Na semana passada, durante a 26ª Conferência Internacional da Aids, no Rio de Janeiro, dois novos casos de remissão do HIV chamaram a atenção. Um homem chamado de "paciente de Kansas City", nos Estados Unidos, e outro conhecido como "paciente de Essen", na Alemanha, não apresentam mais vírus detectável no sangue após transplantes de células-tronco. Com eles, sobe para 13 o número de infectados que alcançaram esse resultado.

O que é remissão do HIV?

Remissão significa que o vírus não é detectado nos exames, mas pode voltar. Não é o mesmo que cura. No caso do paciente de Kansas City, foram 14 meses sem detecção. No de Essen, 12 meses. Ambos interromperam os antirretrovirais para testar a resposta do transplante, e o vírus não retornou. Porém, no paciente de Essen, houve recidiva do vírus da hepatite B, o que mostra que o sistema imunológico ainda enfrenta desafios.

Como o transplante bloqueia o HIV?

O HIV ataca os linfócitos T CD4+, células de defesa essenciais. Para entrar nelas, o vírus se conecta ao receptor CD4 e aos correceptores CCR5 e CXCR4. Os doadores dos transplantes tinham uma mutação chamada CCR5 delta32, que produz uma versão modificada do correceptor. Sem essa "porta de entrada", o HIV não consegue infectar as novas células.

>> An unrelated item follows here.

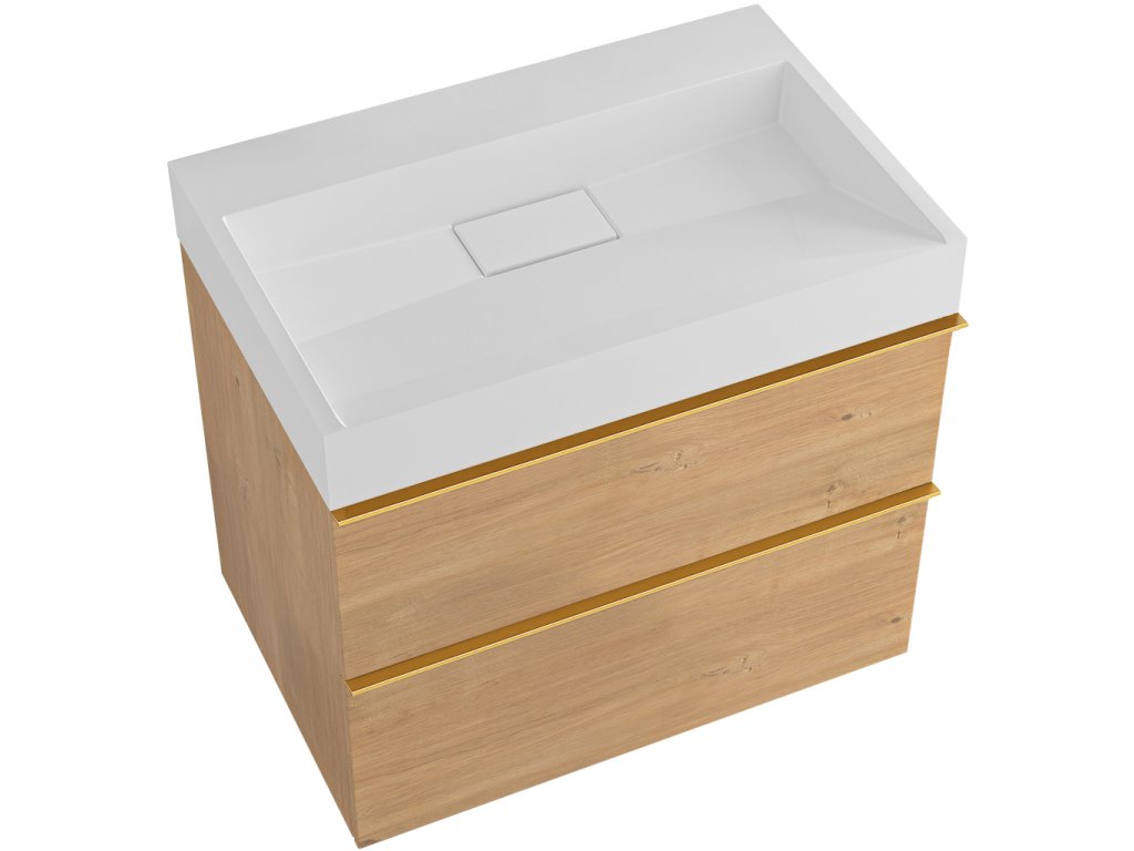 CERANO - Kúpeľňová skrinka Velora - dub medový - úchytka zlatá + umývadlo z liateho mramoru Vita - biela lesklá - 70x53x46 cm

Os pacientes receberam células-tronco hematopoiéticas, que originam todas as células sanguíneas, incluindo as CD4+. Assim, as novas gerações desses linfócitos nascem resistentes ao vírus.

Por que não é cura definitiva?

A pesquisadora Carina Elsner, responsável pelo estudo de Essen, explica que a mutação em homozigose aparece em cerca de 10% dos europeus do norte, mas é rara. A dúvida é se a CCR5 delta32 garante remissão de longo prazo. Wissam El Atrouni, do caso Kansas City, reforça: "É necessário acompanhamento contínuo. Agora, passaremos a realizar testes mensais".

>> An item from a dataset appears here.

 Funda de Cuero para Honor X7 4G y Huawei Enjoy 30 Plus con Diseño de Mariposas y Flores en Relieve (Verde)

O primeiro paciente considerado curado, Timothy Ray Brown, o "paciente de Berlim", recebeu o transplante em 2007 e viveu sem HIV até 2020, quando morreu de leucemia, a doença que motivou o procedimento. prevenção ao HIV

O que isso significa na prática?

O transplante de células-tronco não é uma opção para todos. Ele é indicado para quem tem doenças como leucemia, não como tratamento padrão do HIV. A descoberta, porém, reforça o papel da mutação CCR5 delta32 e abre caminho para terapias genéticas futuras. avanços no tratamento do HIV

Perguntas Frequentes

O transplante de células-tronco cura o HIV?

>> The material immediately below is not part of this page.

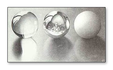 MC エッシャー オランダ 【1898-1972】 エッシャーの作品の最大の特徴は、だまし絵としての空間と非常に数学的・結晶学的なアプローチで描かれた構図にあります。そのタッチから寓話的なイメージも受けますが、そのようなイメージをエッシャー自身はひどく嫌っており、生涯を賭して彼は職人的に「平面の正則分割」「鏡面」「遠近法」など理工的な世界の構築を探究しつづけました。それでも彼の人間性までもが数学的・理工的であった訳ではなく、自然社会に存在する動植物などが作品の多くのモチーフになっており、エッシャーの豊かな人間性が汲み取れます。

Não. Ele pode levar à remissão, mas não há garantia de cura definitiva. O vírus pode voltar.

Quem pode receber esse transplante?

Apenas pacientes com doenças como leucemia, que precisam do transplante por outras razões médicas.

A mutação CCR5 delta32 é comum?

É rara. Cerca de 10% dos europeus do norte têm a mutação em homozigose, segundo a pesquisadora Carina Elsner.

Por que os cientistas evitam a palavra cura?

Porque não é possível afirmar se a infecção retornará. O termo correto é remissão, como concluíram os estudos. testes de HIV

A maturidade da ciência, como a de quem acompanha cada descoberta, ensina que avanços pedem paciência. Ainda não é a cura para todos, mas é um passo firme. E envelhecer é continuar começando, inclusive quando se trata de entender o HIV.

Fontes

  • Conteúdo revisado pela equipe clínica de Aptare.
  • Diretrizes de sociedades médicas brasileiras e da Organização Mundial da Saúde.
  • Ministério da Saúde · publicações oficiais de saúde pública.